Arbeitshilfe Produktionsintegrierte Kompensation

Auf Grundlage der Erfahrungen aus dem Forschungsvorhaben stadt PARTHE land entstand eine 160-seitige Arbeitshilfe für die Praxis, die Sie herunterladen können unter https://nbn-resolving.de/urn:nbn:de:bsz:14-qucosa2-705599

Abstract (DE): Produktionsintegrierte Kompensationsmaßnahmen (PIK) sind naturschutzfachliche Maßnahmen auf landwirtschaftlich genutzten Flächen, die der Kompensation von Eingriffen in Natur und Landschaft dienen und die in landwirtschaftliche Betriebsweisen integriert werden. Sie werden als Teil der Bewirtschaftungs- und Pflegemaßnahmen durch § 15 Abs. 3 BNatSchG besonders gefördert. Auch mehr als zehn Jahre nach der Einführung dieses Paragraphen werden PIK-Maßnahmen in der Praxis bislang nur in wenigen Fällen angewendet. Im fachlichen Diskurs wird häufig noch bezweifelt, dass sie tatsächlich zu einer signifikanten Verbesserung der Biodiversität führen. Darüber hinaus werden oftmals Probleme in der Praktikabilität des Instruments als Hindernisse für eine Umsetzung benannt. Vor diesem Hintergrund wurden im Rahmen des Forschungsvorhabens stadt PARTHE land Kulturlandschaftsmanagement als Brücke zwischen Metropole und ländlichem Raum im Auftrag des BMBF von 2015 bis 2019 ausgewählte Maßnahmen im Umfeld von Leipzig zusammen mit ansässigen Agrarbetrieben erprobt und einem ökologischen Monitoring unterzogen. Zum Teil wurde dabei eine bemerkenswert deutliche Aufwertung von Natur und Landschaft festgestellt. Bei der Umsetzung ergeben sich jedoch auch zahlreiche Herausforderungen. Auf Grundlage der Erfahrungen aus dem Forschungsvorhaben stadt PARTHE land entstand diese Arbeitshilfe für die Praxis.

Tagungsband Cover A5   
Produktionsintegrierte Kompensationsmaßnahmen (Berichte aus der Landschafts- und Umweltplanung) (Deutsch) Taschenbuch
von Shaker Verlag GmbH

Unter Produktionsintegrierten Kompensationsmaßnahmen werden naturschutzfachliche Maßnahmen auf landwirtschaftlich genutzten Flächen verstanden, die der Kompensation von Eingriffen in Natur und Landschaft dienen und die in landwirtschaftliche Betriebsweisen integriert werden.

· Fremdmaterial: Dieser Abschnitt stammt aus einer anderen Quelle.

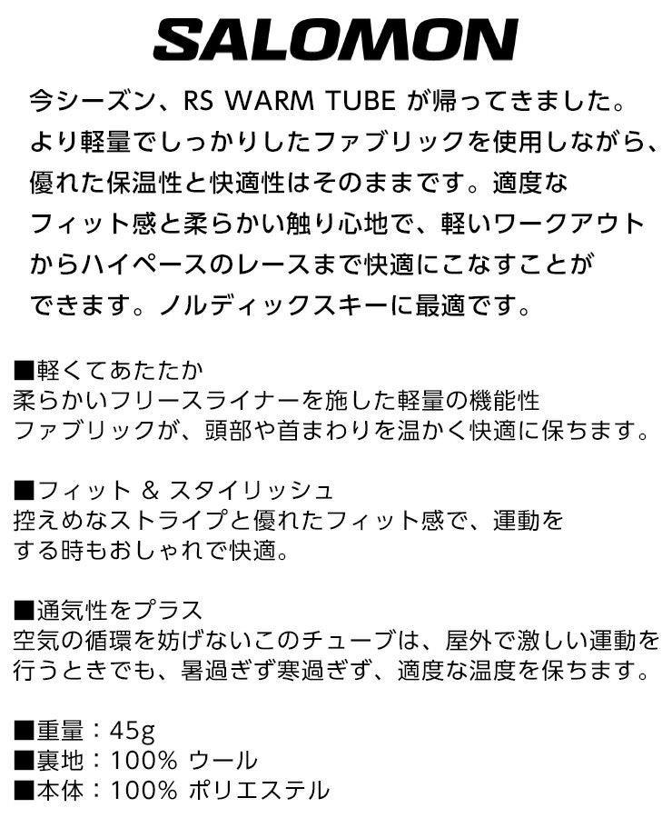 他の画像を見る 2025 正規品 正規品 24-25 SALOMON サロモン RS WARM TUBE ウォームチューブ 防寒 ネックウォーマー マスク スノーボード LC2122400010 通常販売価格 ¥ 3,850 のところ WEB価格 ¥ 2,695 税込 会員特別価格 ¥ 2,559 税込 在庫切れ カートに入れる お気に入りに登録する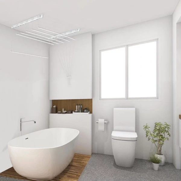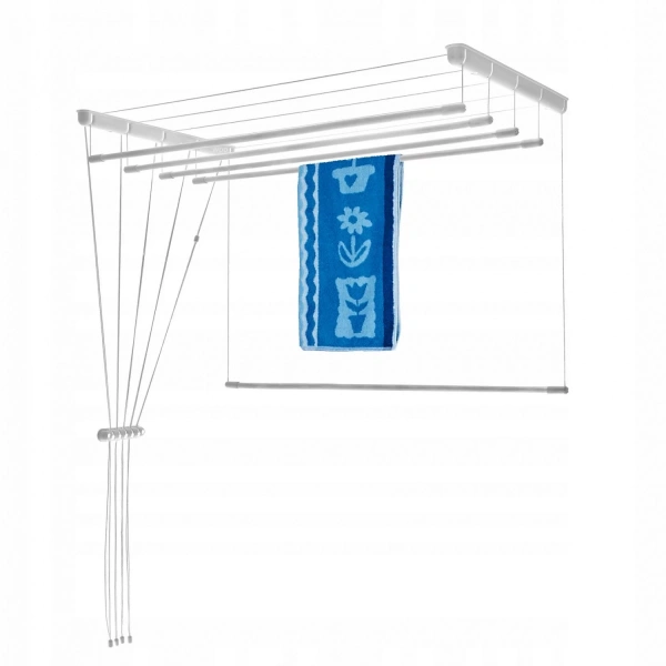 Стержни, на которые развешивается белье, опускаются до нужного уровня в зависимости от роста человека.

Ziel ist dabei, einerseits die o.g. Flächenkonkurrenz zu entschärfen und andererseits gerade innerhalb der intensiv genutzten Agrarlandschaft neue Landschaftsstrukturen zu entwickeln, die Lebens- und Nahrungsräume für eine Vielzahl an Arten bieten. Darüber hinaus sollen damit positive Effekte auf weitere Schutzgüter wie Boden, Wasser, Luft oder das Landschaftsbild erreicht werden. Dies erfordert jedoch eine fachlich versierte naturraumbezogene Planung sowie eine zielorientierte Abstimmung mit den beteiligten Landwirtschaftsbetrieben. Ein kontinuierliches Monitoring sowie die Begleitung der Umsetzungsbetriebe sind für PIK notwendig, um die festgelegten Ziele zu erreichen und damit den Anforderungen der Eingriffsregelung gerecht zu werden.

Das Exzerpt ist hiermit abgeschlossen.